Lectures
Korea, because of its geo-political situation, was a natural recipient of the most advanced Chinese art and culture, which were then transmitted to Japan. This process of transmission, however, stimulated the development of a distinctive Korean national and cultural identity, along with the creation of works of art in a wide range of mediums that are uniquely Korean in every aspect. Examining Korean art in the larger context of East Asian history, culture, and artistic production, this lecture will explore how this process evolved over more than a thousand years and shaped art that is unmistakably Korean in iconography, form, color, style, and technique.
After the fall of the Ming dynasty (1644), Koreans became increasingly conscious of their own cultural identity, investigating not only their historical and cultural heritage but also the exceptional beauty of their land. The genre of “true-view” landscape painting—depictions of scenery that actually existed in Korea—flowered in the seventeenth century and continued through the beginning of the nineteenth. Its origins coincided with the beginning of the School of Practical Learning in Qing China, which Korean scholars avidly absorbed and assimilated into their own cultural environment. It was against this multi-layered cultural and intellectual background that “true-view” landscape painting evolved. This genre of landscape can now be recognized as the Joseon dynasty painting that best expresses the unique inspiration, creative energy, and ethos of the Korean people.

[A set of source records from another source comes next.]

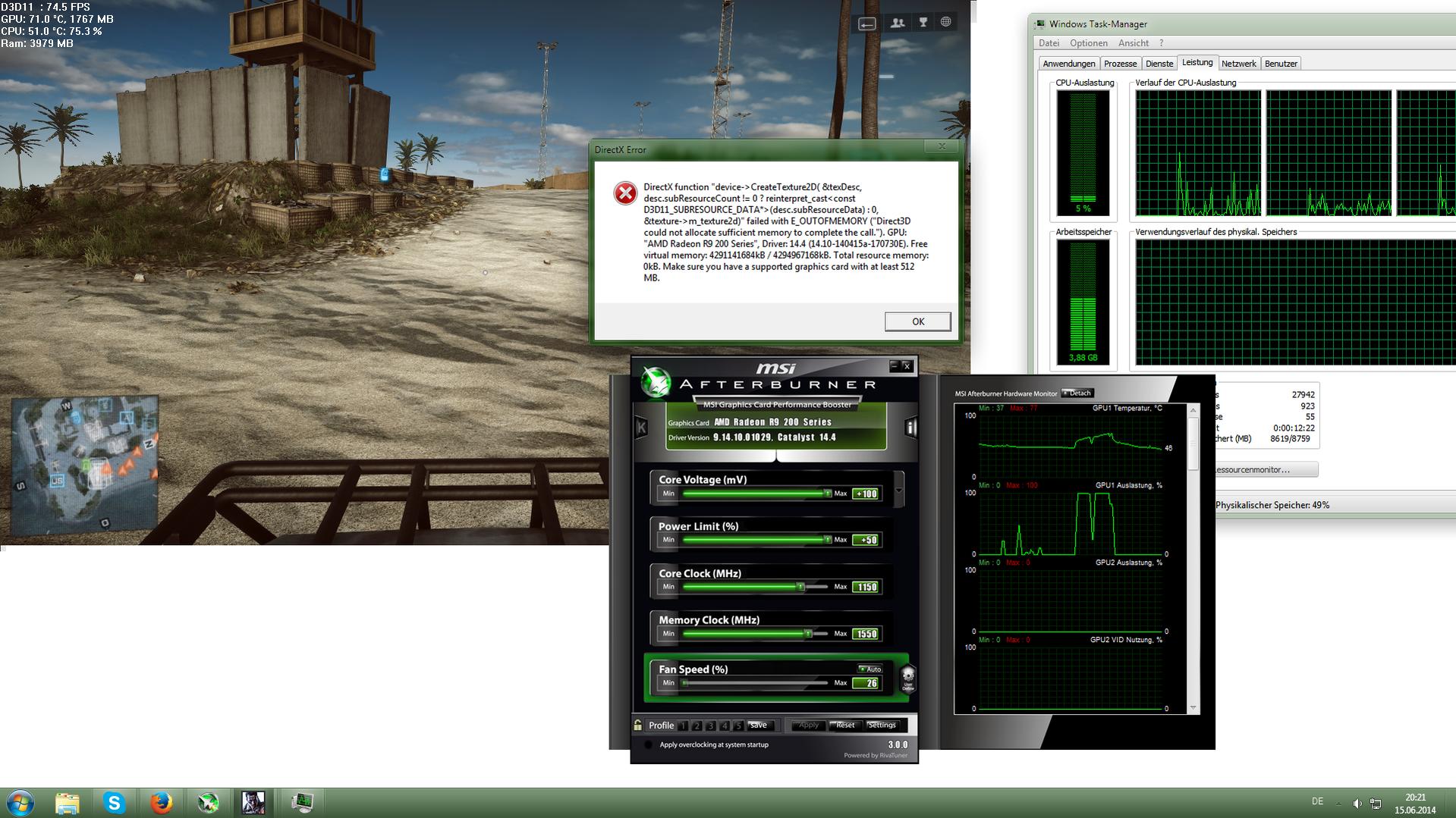 Ok, ich spiele aber normalerweise: -37 1000/1300. Kommt auch Error bei +100 1100/1500. Kann es sein das die Karte Kaputt ist? Die Verpackung war beschädigt. Ich vermute das die Karte hingefallen ist. Jetzt kommt sogar Error bei 1000/1300. Nur bei BF4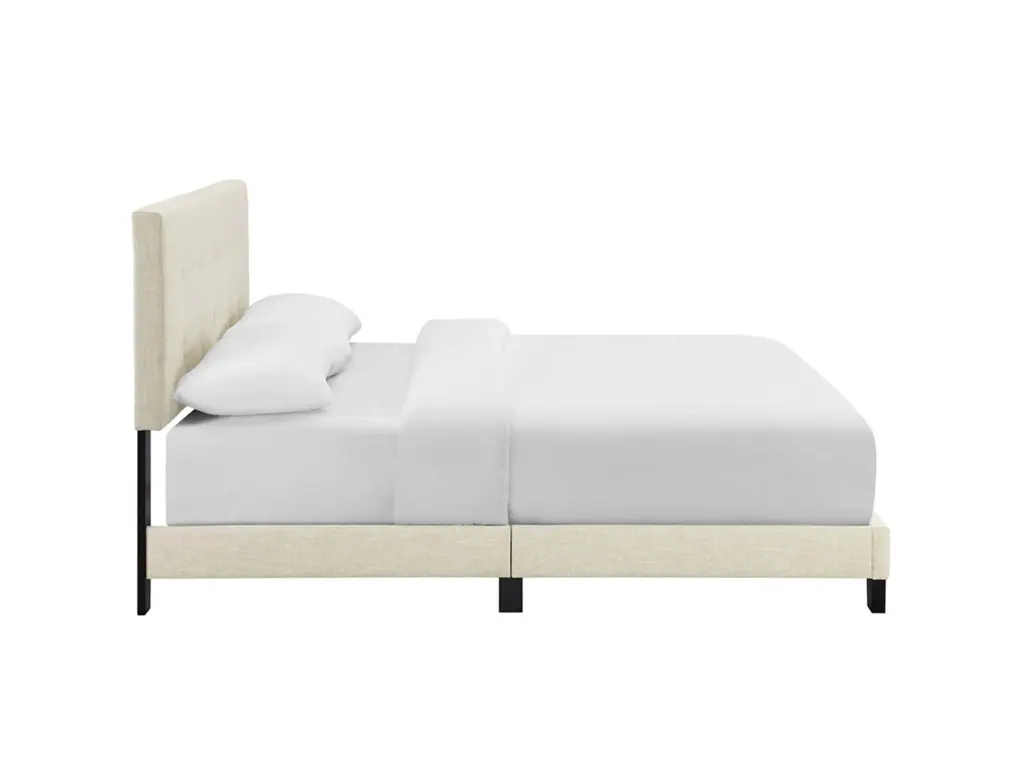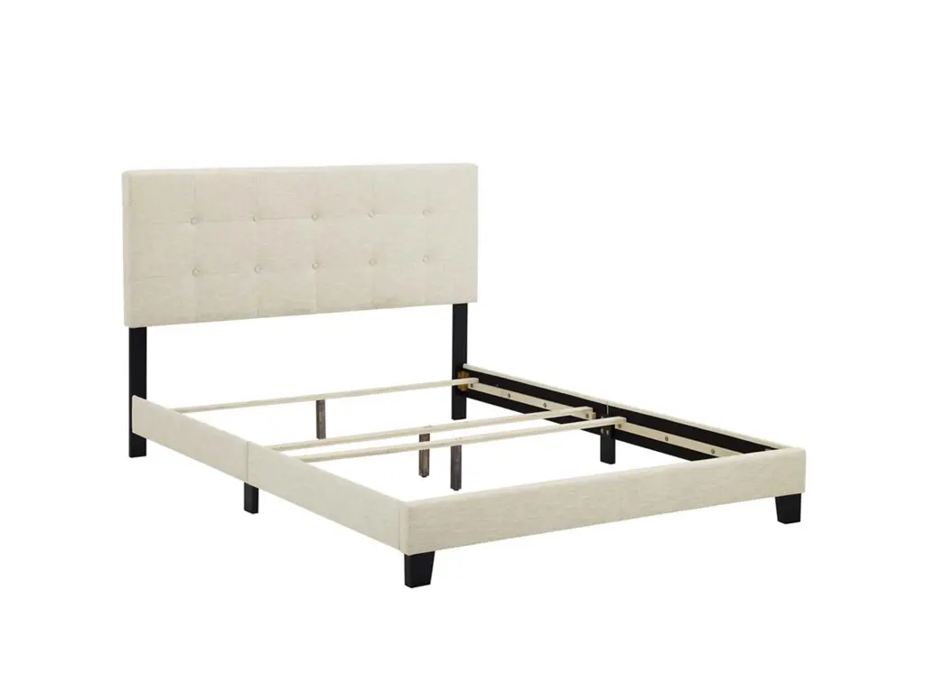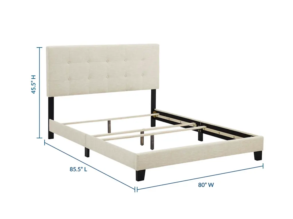 Inspire sweet dreams with a cozy king bed. Designed with chic elegance and contemporary style, Amira comes with a soft polyester fabric upholstered base, timeless button-tufted headboard, and wood bed frame and legs, with non-marking foot caps. Complete with a reinforced center beam for maximum stability, Amira accommodates memory foam, spring, latex, and hybrid mattresses. A sleek and sophisticated centerpiece to the master bedroom or guest suite, this modern bed effortlessly transforms your bedroom decor with its luxe look. Box spring required (not included). Bed Weight Capacity: 800 lbs.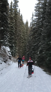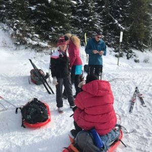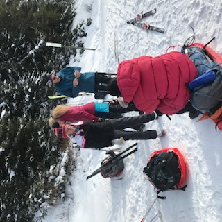 Everyone was incredibly impressed with Nancy and Linda’s ability to ski with great control both up and on some tricky descents with their pulks behaving well behind them.  More impressive was Lisa’s ability to keep up with us without skis.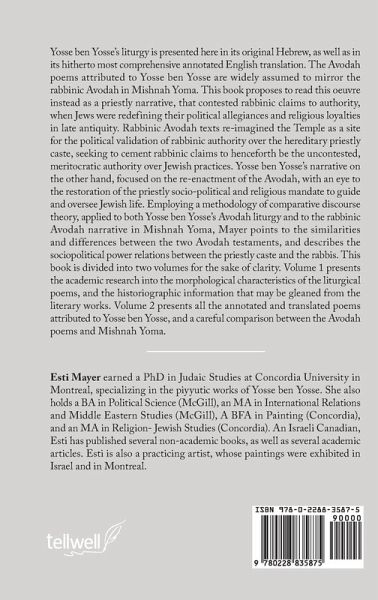 The 15 liturgical poems (piyyutim) attributed to Yosse ben Yosse, are presented in this book as an invitation to study this unique body of work, both in its original Hebrew and now, for the first time, in English as well. Set against the historical upheavals of 5th century Jewish Palestine, these works are an important addition to existing historical records that have survived from Late Antiquity. Yosse ben Yosse, a distinctive priestly voice, contested rabbinic claims to authority. The similarities and differences between Yosse ben Yosse's narrative and the corresponding rabbinic narratives are instructive. They help describe the socio-political power relations between the priestly caste and the rabbis, and to glean some information regarding the rise of rabbinic Judaism. Rabbinic texts re-imagined the Yom Kippur temple rites as a site for the political validation of rabbinic authority over the priestly caste, seeking to cement rabbinic claims to henceforth be the uncontested authority in Jewish life. Yosse ben Yosse's narrative on the other hand, focused on the re-enactment of Temple Avodah, with an eye to the restoration of the priestly authority over Jewish practice in the post-destruction era. The power contest between the revolutionary rabbinic movement and the conservative priestly caste discloses new aspects of the cultural and religious diversity of Jewish responses to the destruction of the Second Temple, when Jews were redefining their political allegiances and religious loyalties in late antiquity. The study thus contributes to our understanding of Jewish religious and political developments that took place in late antique Palestine.
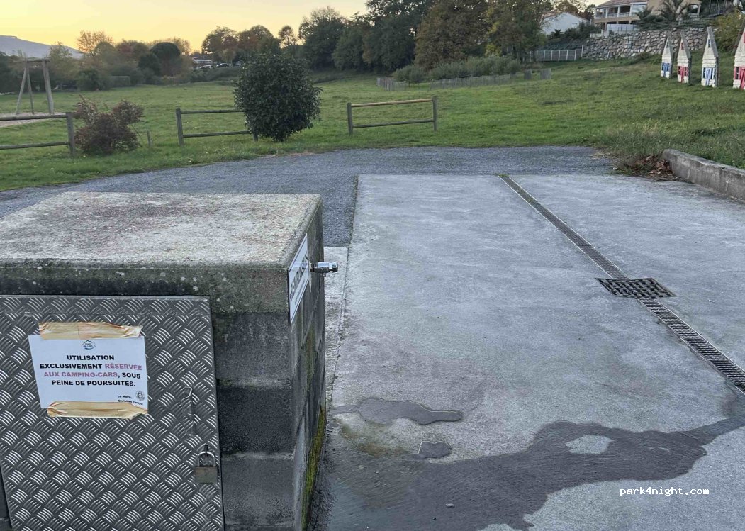 parking réservé camping car goudronné. à cote mairie et espaces verts. poubelles et verre présentes. 2 euros à déposer dans la boite à lettre de la mairie. services eau + vidange + eaux grises gratuites (merci la mairie de n avoir pas coupé l eau des lors qu il ne faisait pas encore froid) attention pour accéder aux services panneau interdiction 3,5 tonnes car manœuvres peuvent etre difficiles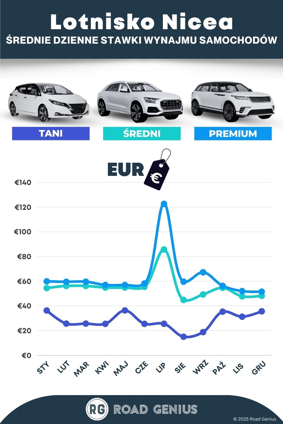 Średnio wynajem samochodu na lotnisku w Nicei kosztuje około €49 za dzień, przy czym najtańsze oferty zaczynają się od €15 za dzień.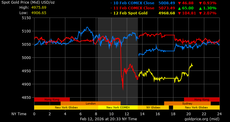 Trên thị trường vàng thế giới, giá vàng giao ngay chốt phiên hôm qua tại Mỹ giảm mạnh 162,2 USD, tương ứng giảm 3,19% xuống mức 4.922,1 USD/ounce. Sang phiên châu Á sáng nay, giá vàng đảo chiều tăng 47,3 USD lên mức 4.969,4 USD/ounce.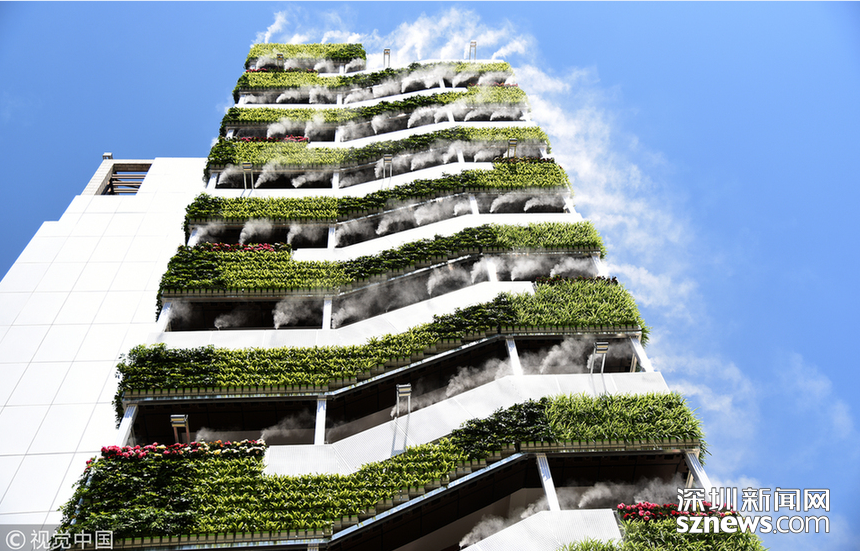 深圳新聞網(wǎng)訊 2018年6月10日,西安,高樓外長滿綠植,還縈繞著霧氣。這段只有6秒的短視頻在抖音火了,網(wǎng)友評論這是“第四代住房”,其實這是西安市眾創(chuàng)示范街區(qū)的一處安裝了智能霧森系統(tǒng)的西北最大戶外垂直綠化。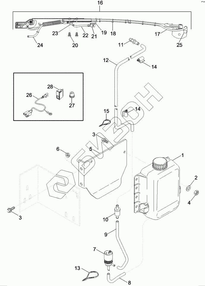 Графический каталог запасных частей к технике: CASE IH Axial Flow 2388. WINDSHIELD WASHER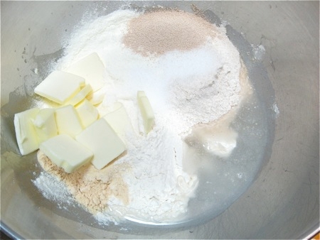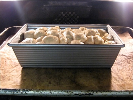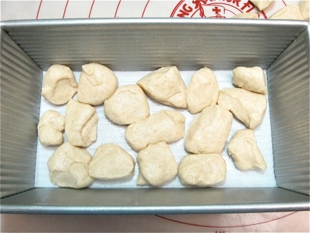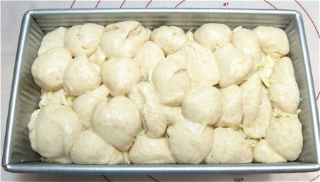 Place 16 dough pieces in the bottom of the pan, putting them close together.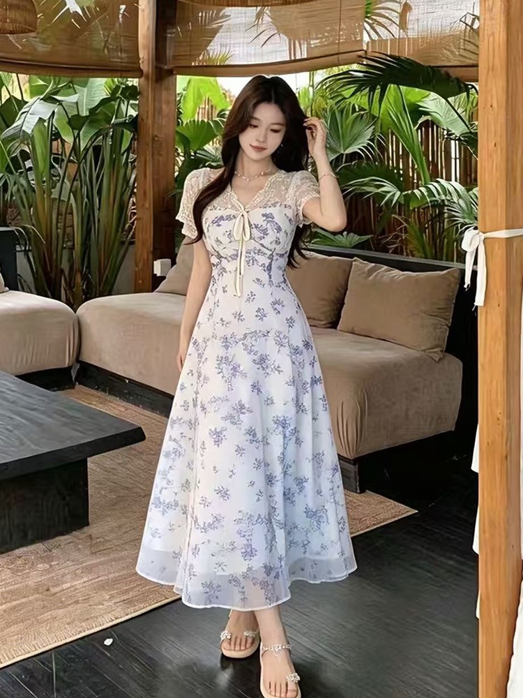 2026 여름 새로운 지방 mm 레이스 품격 롱 스커트 프랑스식 부드러운 바람 V넥 꽃무늬 허리 수축 슬림해 보이는 드레스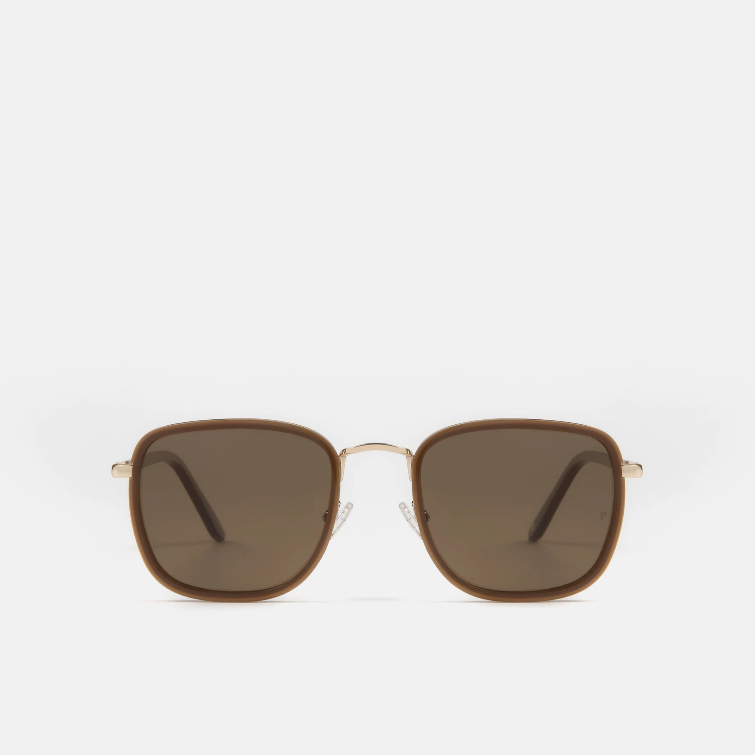 El modelo MÓ Korcu de forma cuadrada con ligera geometría es una gafa sofisticada y elegante. Diseñada con combinación de metal y acetato para elevar tus looks. En metal dorado y acetato color marrón.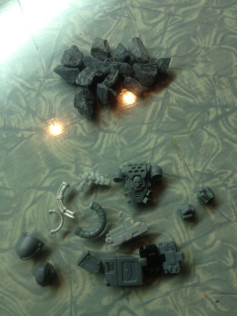 大部分玩家只要模型多到一定程度就會有像這種各式各樣大小多餘的零件,我們俗稱屍塊。再底板上放一些零件作點綴,如果沒有也可以用花圃的小石頭代替。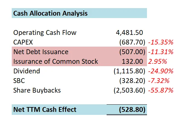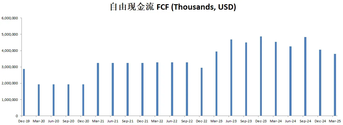 -股份回购占FCF 65.99%,这个占比特别高。大部分的现金都是用来回购股份了。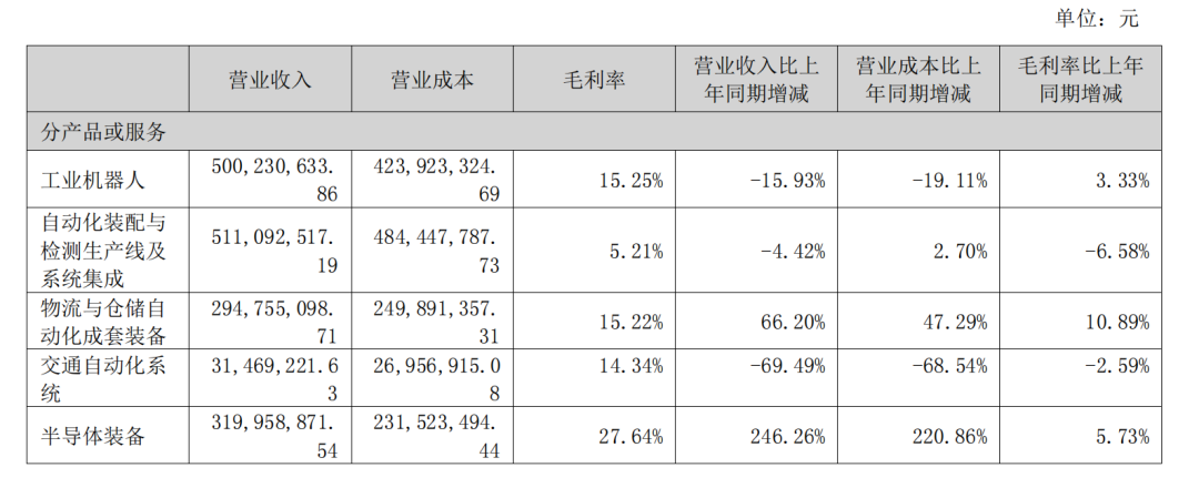 相较而言,工业机器人和自动化装配与检测生产线业务的营业收入则有所滑落,分别为 5 亿元与 5.11 亿元,同比分别下降 15.93%和 4.42%。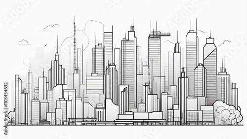 Simple black and white ink artwork of a modern big city. Buildings, skyscrapers, industry objects. Business heart of the country. Basic minimalist drawing on a white background.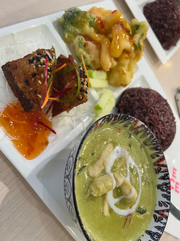 사진 속 이프타르 세트 메뉴는 푸시아의 매력을 단적으로 보여줍니다. 팟타이, 그린 커리, 춘권, 꼬치 등 다양한 메뉴가 한 접시에 담겨 나오는데, 각각의 음식은 신선한 재료와 정통 레시피로 만들어져 풍부한 맛을 자랑합니다. 특히 춘권 위에 뿌려진 채썬 당근과 소스는 시각적인 아름다움을 더하며, 맛과 멋을 동시에 만족시키는 푸시아의 센스를 엿볼 수 있습니다. 한 입 베어 무는 순간, 바삭한 튀김옷과 촉촉한 속 재료의 조화가 입안 가득 퍼져 나갑니다.

Unlike most landscape painting of the Joseon dynasty, which was done in ink or ink and light colors, the screen paintings produced for and used in Korean palaces were mostly executed in brilliant colors. Because Korean art-historical research during the twentieth century focused almost exclusively on literati ink paintings, these colorful screen paintings have been relegated to a “lesser” category of art and have sometimes been labeled “folk paintings.” However, recent studies of uigwe royal documents, as well as other literary and historical sources, have shed much light on the identification of the themes of palace screen paintings and their specific functions within various state rites. This research has also led to revealing investigations of the symbolic meanings of the palace screens. This lecture will demonstrate how securely dated documentary evidence such as uigwe “re-position” the colorful screen paintings of the Joseon period.